DATA FOR THIS TASK: Begin

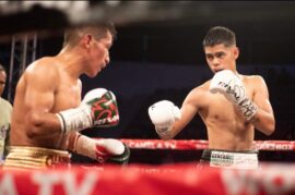 Morelia, Michoacán, a 26 de julio de 2022.- El Pugilista moreliano, Brandon «Bam Bam» García, sucumbió en su intento por quitarle el invicto al orgullo de Empalme, Sonora, Marco Cota (8-0), en la división de los pesos ligeros, al caer en el segundo asalto por nocaut técnico dentro...
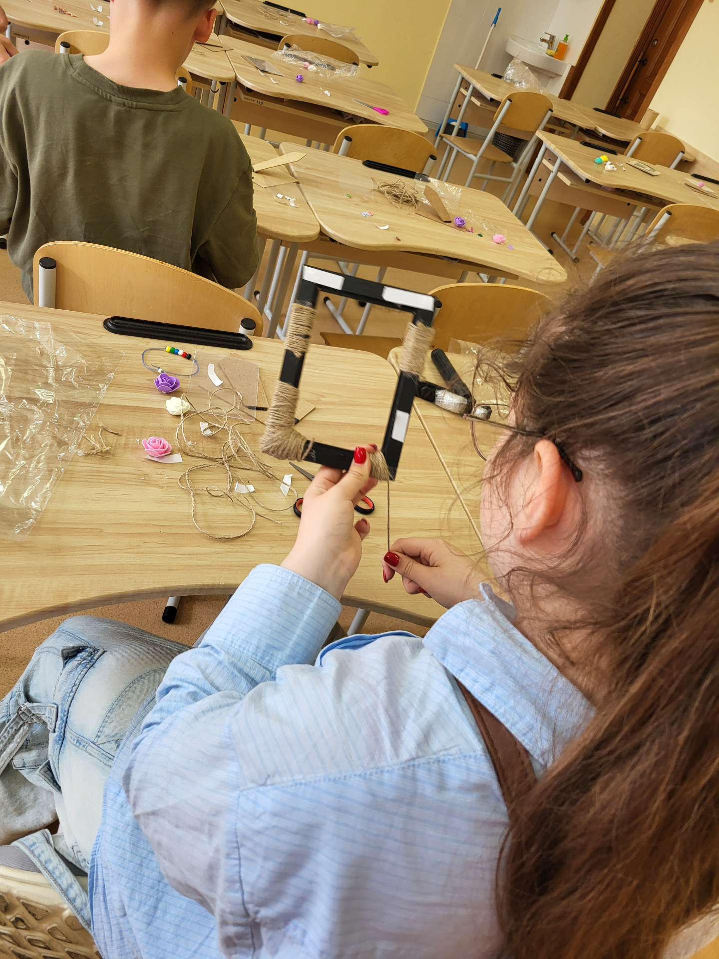 За 1 годину діти самостійно прикрашають рамочку нитками,потім декорують на власний розсуд.
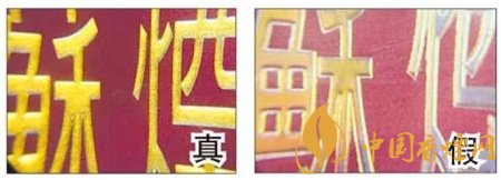 真煙:燙金字體線(xiàn)條清晰、不漏金,金色部分成色純正。假煙:燙金字體線(xiàn)條不清晰,有漏金現(xiàn)象,金色部分成色暗淡。
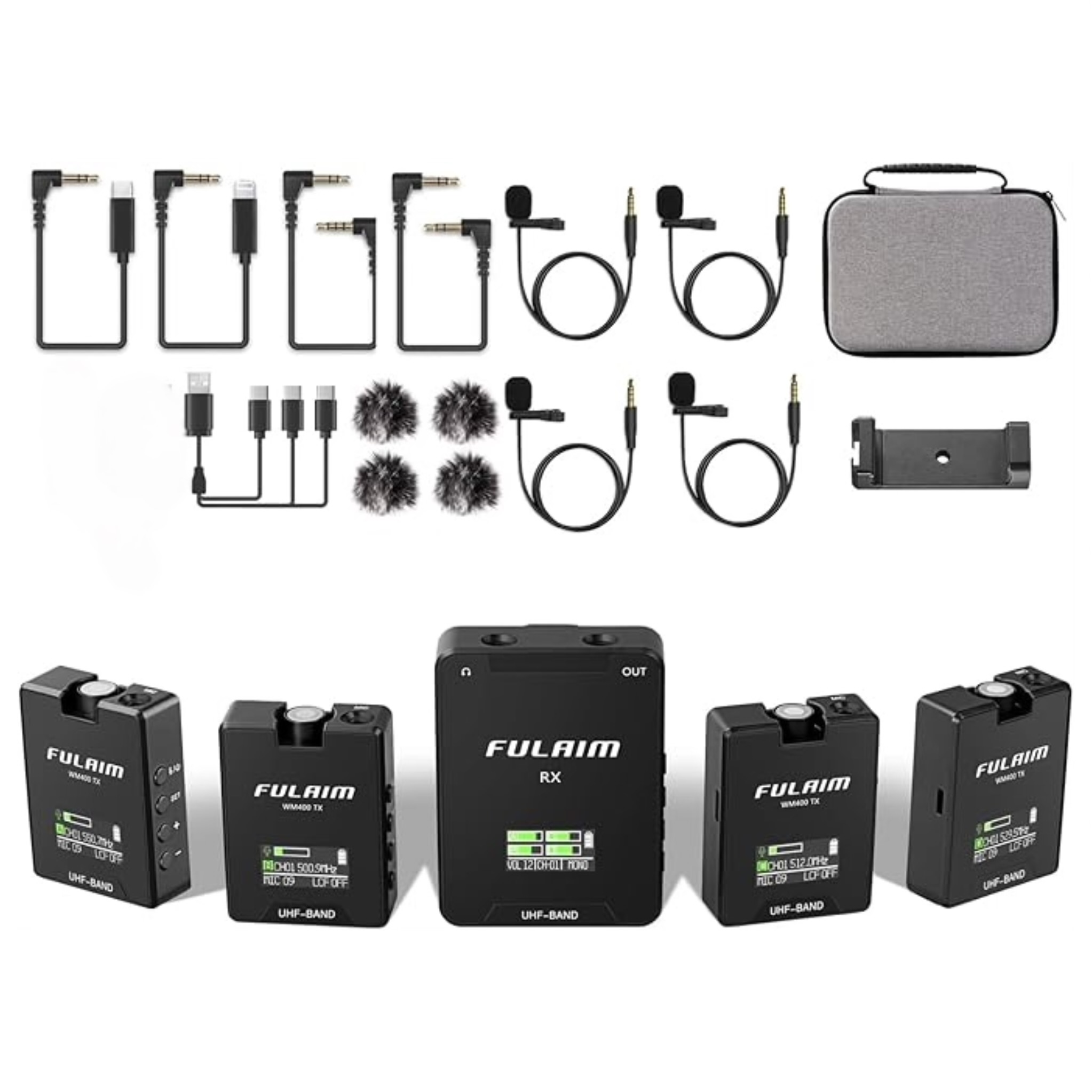 میکروفون یقهای بیسیم FULAIM WM400 UHF با 4 فرستنده قابل شارژ
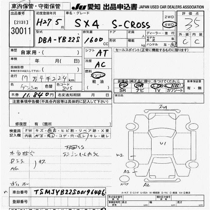 SUZUKI SX4 S-CROSS - лот 30011
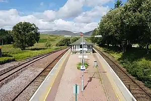 Rannoch railway station, on the West Highland Line, serves the area of Rannoch in Perth and Kinross, Scotland. In 2017, Simon Jenkins reported it to be one of the best 10 stations in Britain.[4] It is situated between Corrour and Bridge of Orchy, 64 miles 36 chains (103.7 km) from Craigendoran Junction, near Helensburgh.[5] ScotRail manage the station and operate most services, along with Caledonian Sleeper.

DATA FOR THIS TASK: End

**WHAT YOU WILL DO:** Exclude the pictures from the copy. Retype exactly the lines running from the one containing "真煙:燙金字體線(xiàn)" through the last line of the listing.

**ANSWER TO THIS EXERCISE:**
 真煙:燙金字體線(xiàn)條清晰、不漏金,金色部分成色純正。假煙:燙金字體線(xiàn)條不清晰,有漏金現(xiàn)象,金色部分成色暗淡。
 میکروفون یقهای بیسیم FULAIM WM400 UHF با 4 فرستنده قابل شارژ
 SUZUKI SX4 S-CROSS - лот 30011
 Rannoch railway station, on the West Highland Line, serves the area of Rannoch in Perth and Kinross, Scotland. In 2017, Simon Jenkins reported it to be one of the best 10 stations in Britain.[4] It is situated between Corrour and Bridge of Orchy, 64 miles 36 chains (103.7 km) from Craigendoran Junction, near Helensburgh.[5] ScotRail manage the station and operate most services, along with Caledonian Sleeper.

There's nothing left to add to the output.